[sc34wg3] HyTM as a SAM syntax

Lars Marius Garshol sc34wg3@isotopicmaps.org
16 Apr 2003 23:40:55 +0200


* Martin Bryan
| 
| But Steve, you obviously failed to notice Annex C to the HyTM spec,
| the HyTM Grove Plan, which will provide a model for the information.

I wondered about that. If you are going to specify a grove plan for
HyTM, why not do

  HyTM -> HyTM grove -> SAM

rather than

  HyTM -> HyTM grove
  HyTM -> SAM

which means doing all the donkey work twice?
 
| I have to both Lars and Graham, the approved authors of the SAM. The
| problem is that their proposal that facets be turned into topics and
| associated with occurrences or topics, and that scopes and added
| themes be flattened out at the lowest applicable level, prohibit the
| effective roundtripping of a HyTM document to and from SAM, and also
| makes it difficult to convert an XTM document to HyTM and vice
| versa.

Well. Let's just say that we disagree on which lexical differences in
a HyTM document should be considered significant. We agree that it
should not be possible to query a topic map to find all base names
where the character 'a' appeared as a 'A'. We don't agree whether
it should be possible to find all topics in the scope 'fixme'.
 
* Steve Pepper
|
| 1. I believe that <facet>s *can* be handled in the SAM.
 
* Martin Bryan
|
| But can they be round-tripped or handled efficiently?

Have you tried?
 
* Steve Pepper
|
| 2. So can <topicmap 'addthems'>, <topic 'scope'> and <addthms>.
 
* Martin Bryan
|
| Not if, like me, you believe that scope is an any rather than an all
| scenario.

If you disagree with the SAM how can you expect this to work at all?
Surely the solution must be to fix the SAM rather than to work around
it? 

| [mnemonics]
|
| By cobbling together rules for the creation of topics for the
| expression of this information. Ugly, inefficient and horrible to
| look at it is the only way I could find given Lars Marius' repeated
| dictum of "create a topic to express everything that is not a
| topic".

The committee agreed to do it this way in Barcelona. I argued for
leaving the mnemonics out altogether, but the others wanted to
represent them using published subjects.
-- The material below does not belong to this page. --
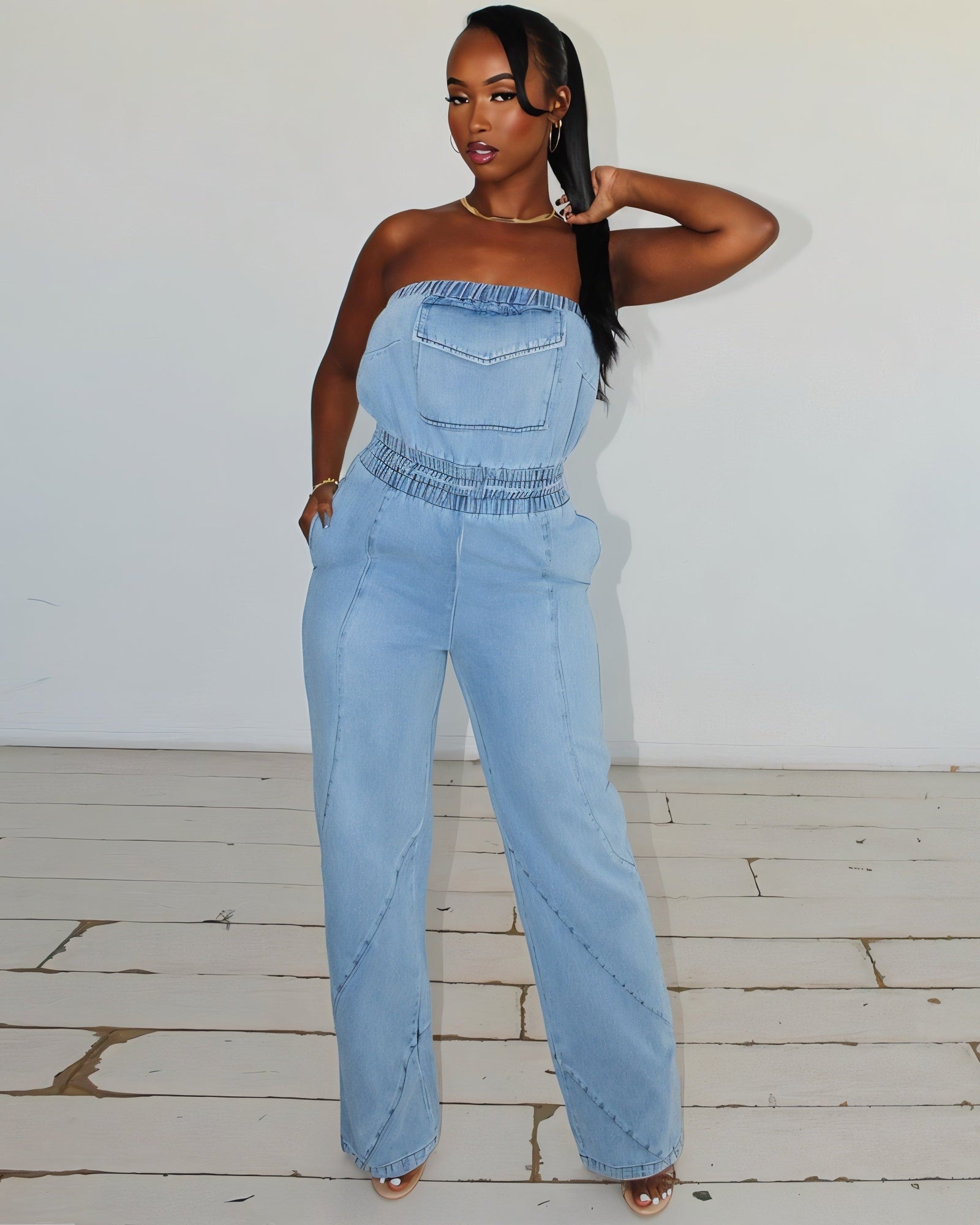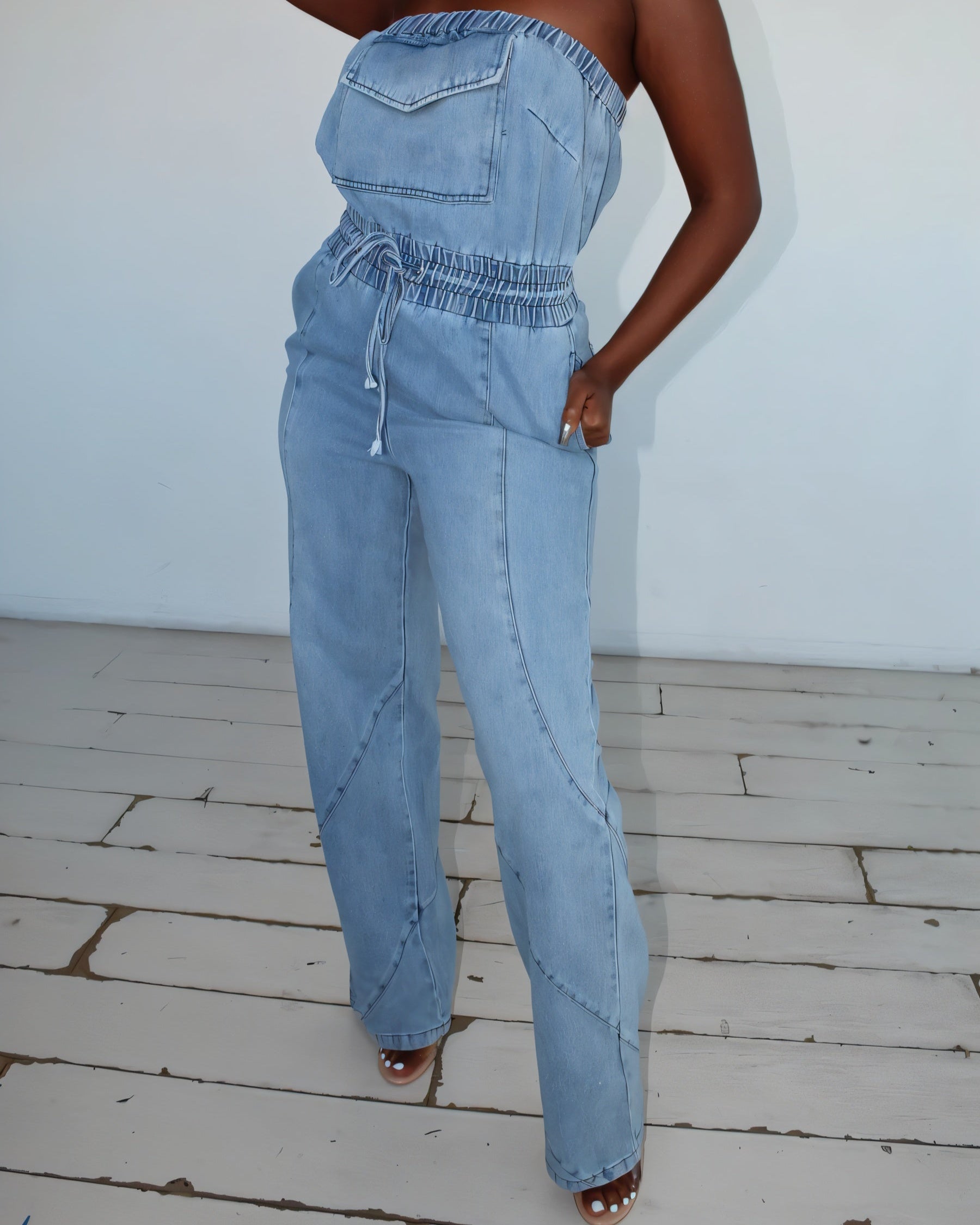 This chic denim jumpsuit offers a fresh take on casual style, featuring a flattering strapless design and a comfortable drawstring waist. Crafted from soft denim, it combines ease with effortless cool, while the wide-leg silhouette creates a relaxed yet stylish profile.

I bowed to their view when
they argued that 'if someone put it there they probably meant to say
something and we shouldn't throw it away, and in any case you won't
pay for this unless you actually use it'.

It seemed sensible to me then and it still does now.
 
| But let's also realize that we shouldn't throw away potentially
| useful existing techniques just because we need a simplified
| SAM. Option (3) on your list would mean that some useful shortcuts,
| which allow Topic Maps to be used as stereotypes within larger data
| models, would be thrown out in an effort to force everything to a
| fixed XML view of the world. I'd prefer to see SAM extended,
| possibly with some optional objects, to provide efficient handling
| of all HyTM techniques, but then I'm almost as biased as your
| supposed to be Steve :-))

Frankly, I have some sympathy for the view that it should be possible
to use HyTM in unstructured ways without being against the letter of
the law, but I find it very difficult to reconcile that with the fact
that we have to build all kinds of stuff on top of whatever we put
into the SAM.

The trouble is that anything we add to the SAM at the item/property
level is going to be very costly for us further down the road, and God
knows we've made this venture plenty expensive already. If we add this
stuff to the SAM then suddenly we have to be able to query it with
TMQL, constrain it with TMCL, represent it in CXTM, exchange it in
topic map fragments, represent it in the standard topic map API, and
who knows what else in the future.

Making things optional just makes everything much worse. Suddenly the
SAM is complicated by the notion of optional modules, and
TMCL/TMQL/CXTM/TMFX/TMAPI all get the same optional/required division
built into them. Or, they ignore the optional stuff, which in effect
is the same as leaving it out altogether.

It seems to me that it is the lesser evil to take a hard-line view on
what should be part of topic maps and what should not. Nobody will
stop you from doing what you want, anyway. You just won't conform to
the standard, which is no real tragedy; it just means what you don't
won't interoperate and the QL/CL/... won't work with your data.